Most cases of the virus point to a majority of the careers being from
outside Africa and at the time of publication, there was no scientific
evidence to back the trends.

In the cases confirmed in the continent, mainly in South Africa,
Algeria, Burkina Faso, Cameroon, Egypt, Morocco, Nigeria, Senegal, Togo
and Tunisia, only a minority of the individuals are indigenous citizens.

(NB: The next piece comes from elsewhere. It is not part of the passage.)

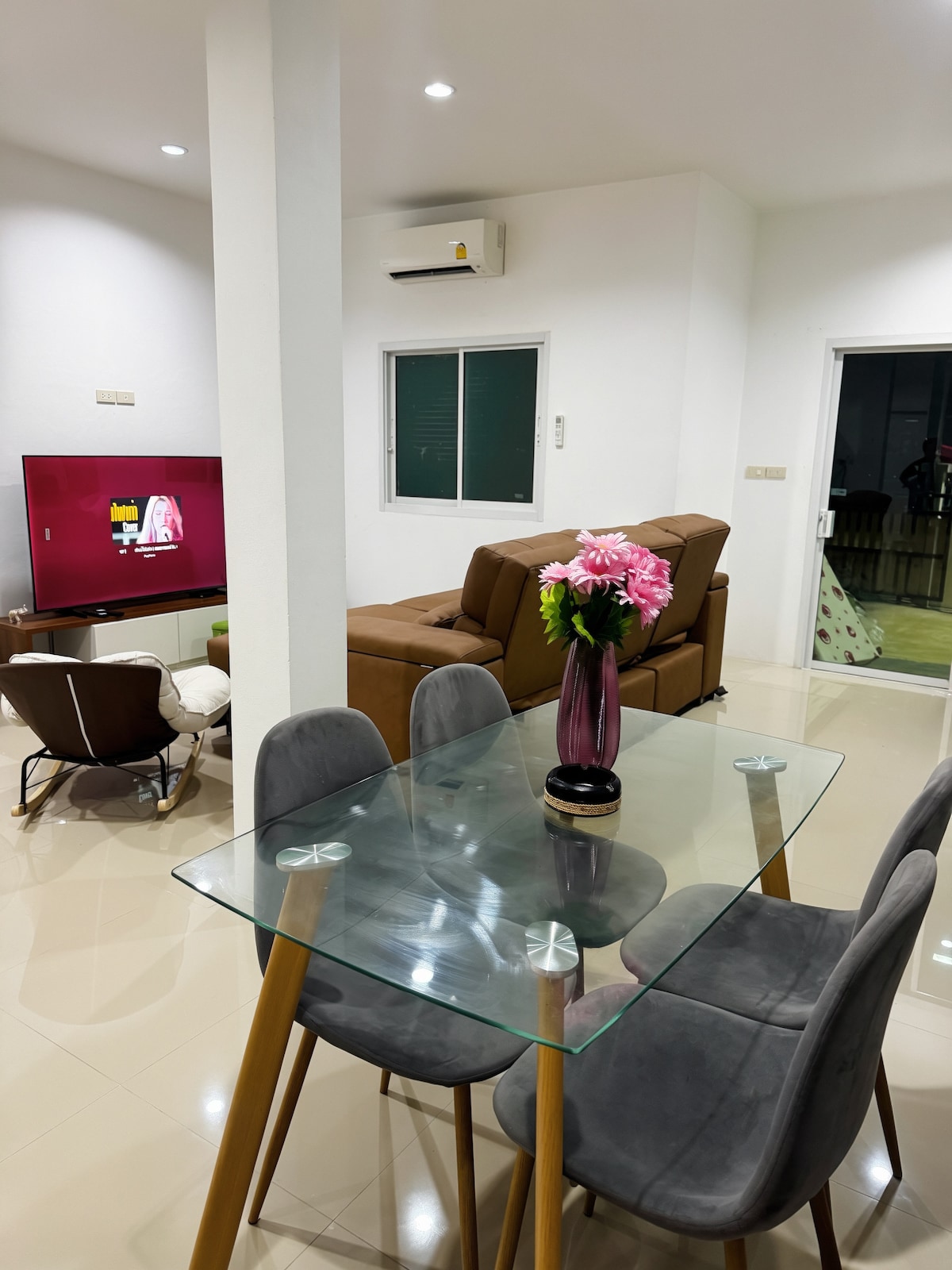 3bed, 3toilet, 1kitchen, 1living room. car park availiable in home. A relaxing family getaway. Spacious, peaceful, and safe. Close to J-PARK, Proto Market, 7-11, CJ MORE, and Tiger Zoo. Conveniently located next to the motorway, easy access to attractions like Pattaya, Bang Saen, and the Tiger Zoo. Fully furnished, complete with kitchen and living room. There's a seating area in front of the house for relaxing, chatting with friends or family – everything you need for a truly private getaway.

"The majority of the people infected with Covid-19 in Africa are not of
African origin,” a health expert, who refused to be identified, told CAJ
News Africa in Johannesburg, South Africa on Sunday.

“They are Africans because majority of them acquired African citizenship
or permanent residence owing to colonial past background. Very few (less
than 0,2 percent) of those that infected cases are the actual persons of
African lineage . As a professional, it will be unethical to stereotype
diseases but records on the ground show otherwise."

A Kenya medical expert, who also requested anonymity, said, “The fact on
the ground is that less than 0,2 percent of cases to date are not people
of African origin.”

A Nigeria human rights activist in the commercial capital, Lagos,
accused the West of double standards and stereotyping during previous
outbreaks.

“If this disease was Ebola, cholera, tuberculosis or human
immunodeficiency virus (HIV), the Western media would have gone
overdrive slamming it as an African disease. Now that the disease has
hit hard on non-Africans, we are just being told it affected 'people'.
There is institutionised stereotyping of diseases,” he said.

“If this disease had taken a huge toll of blacks, believe me, the entire
world would have been stereotyping the pandemic linking it with
Africans. Now that the unthinkable has happened in the so-called
developed world, we are now being told not to stereotype the pandemic.”

The World Health Organisation (WHO) had still not ascertained why there
were fewer cases in the continent despite Africa’s fragile health
systems.

“Our biggest concern continues to be the potential for Covid-19 to
spread in countries with weaker health systems,” Tedros Adhanom
Ghebreyesus, the head of the WHO, speaking to African Union (AU) health
ministers gathered in the Ethiopian capital of Addis Ababa sometime in
February.

As to why the Covid-19 was not more extensive or prevalent in the
African, Professor Thumbi Ndung’u from the African Institute for Health
Research in Durban, South Africa said: "Surely, nobody knows. Perhaps
there is simply not that much travel between Africa and China."